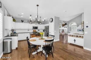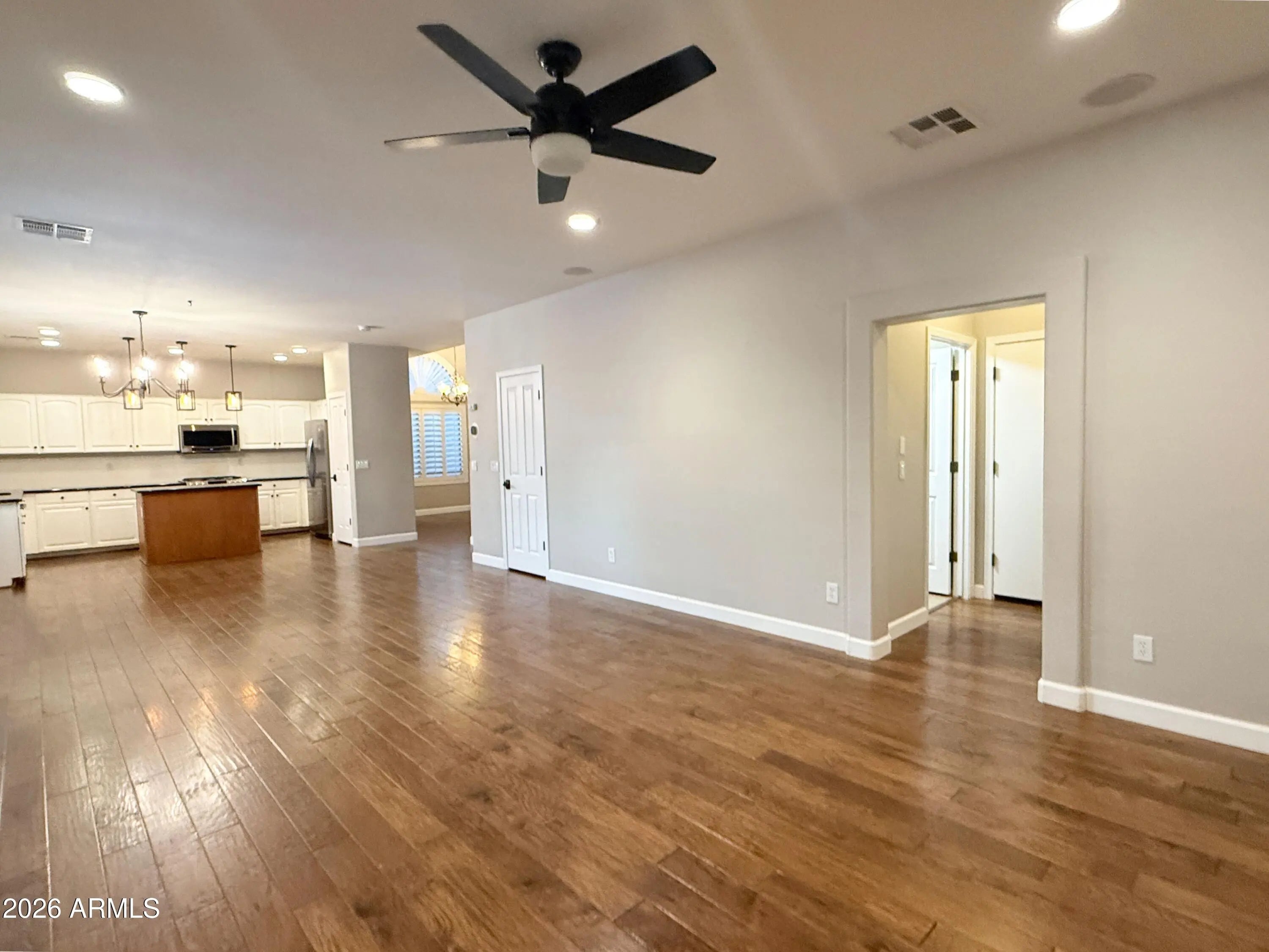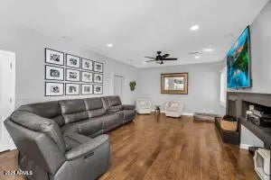 No Application Fees. Spacious 4 bedroom plus den, 2.5 bathroom East Mesa home located in Gila River Ranches. This exceptional home features scraped wood flooring throughout all living areas with carpeting only in the bedrooms, plantation shutters, vaulted ceilings, two tone neutral paint, upgraded fixtures and ceiling fans in each room. Multiple living spaces include a large front living room with fireplace, separate family room, formal dining area, downstairs den and an oversized loft upstairs. The beautifully updated kitchen includes granite countertops, tile backsplash, upgraded cabinets, island with breakfast bar, separate pantry, gas range and all appliances. All bedrooms are located on the second floor including the oversized primary suite with a large walk-in closet, double sink vanity, garden tub and separate step-in shower. The laundry room includes cabinet storage and washing machine and dryer. Enjoy the entertainer's backyard with a sparkling pool and water feature, large covered patio, extended cool decking and easy to maintain landscaping. Two car garage provides excellent parking and storage. Gila River Ranches is conveniently located near shopping, dining and retail along Signal Butte Road and near the Mesa-Gilbert border for additional amenities. Easy access to the Loop 202, US-60, Bell Bank Park, Mesa Gateway Airport and local parks and recreation areas. All Denali Real Estate residents are automatically enrolled in the Resident Benefits Package (RBP) for $55.00/month which includes Renter's Liability Insurance, Credit Building to help boost the resident's credit scores with timely rent payments, up to $1M Identity Theft Protection, HVAC air filter delivery (for applicable properties), our best-in-class resident rewards program, and much more!
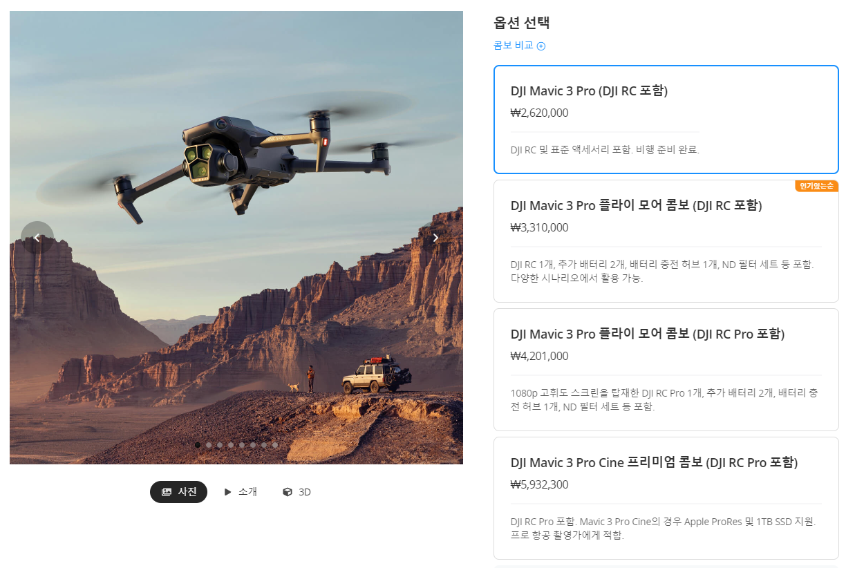 매빅 3 프로 플라이 모어 콤보 (DJI RC 포함)은 331만원($2999),
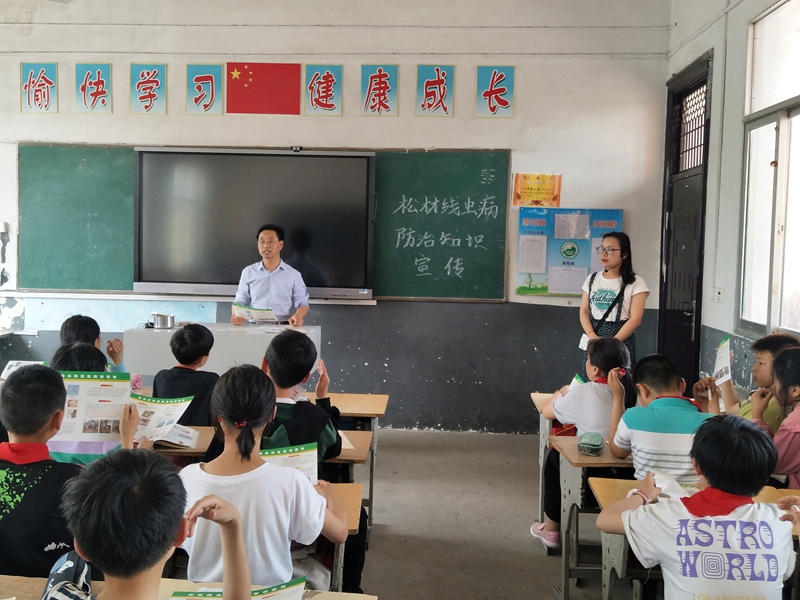5月24日,市林業(yè)局森防站和痘姆鄉(xiāng)林業(yè)站一起來到痘姆鄉(xiāng)中心小學(xué)開展松材線蟲病防控知識宣傳活動,向全體教職工和學(xué)生宣傳松材線蟲病防控知識,給全體師生上了一堂生動的松材線蟲病防控知識課,向廣大師生發(fā)放宣傳畫冊850份。
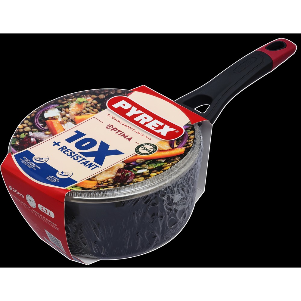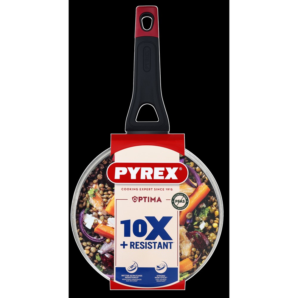 Серія Pyrex Optima – це посуд з кованого алюмінію з міцним антипригарним покриттям Whitford Xylan+. Ексклюзивна Y-подібна ручка з ергономічним дизайном і soft touch покриттям забезпечує комфорт та безпеку використання. Яскравий силіконовий акцент додає стилю. Підходить для всіх типів плит, включаючи індукційні.

#### [Instructions to follow]
Restate word for word the lines from the one containing "매빅 3 프로 플라이" through the end of the material above, both included, and nothing besides; drop the pictures.

#### [Answer section]
 매빅 3 프로 플라이 모어 콤보 (DJI RC 포함)은 331만원($2999),
5月24日,市林業(yè)局森防站和痘姆鄉(xiāng)林業(yè)站一起來到痘姆鄉(xiāng)中心小學(xué)開展松材線蟲病防控知識宣傳活動,向全體教職工和學(xué)生宣傳松材線蟲病防控知識,給全體師生上了一堂生動的松材線蟲病防控知識課,向廣大師生發(fā)放宣傳畫冊850份。
 Серія Pyrex Optima – це посуд з кованого алюмінію з міцним антипригарним покриттям Whitford Xylan+. Ексклюзивна Y-подібна ручка з ергономічним дизайном і soft touch покриттям забезпечує комфорт та безпеку використання. Яскравий силіконовий акцент додає стилю. Підходить для всіх типів плит, включаючи індукційні.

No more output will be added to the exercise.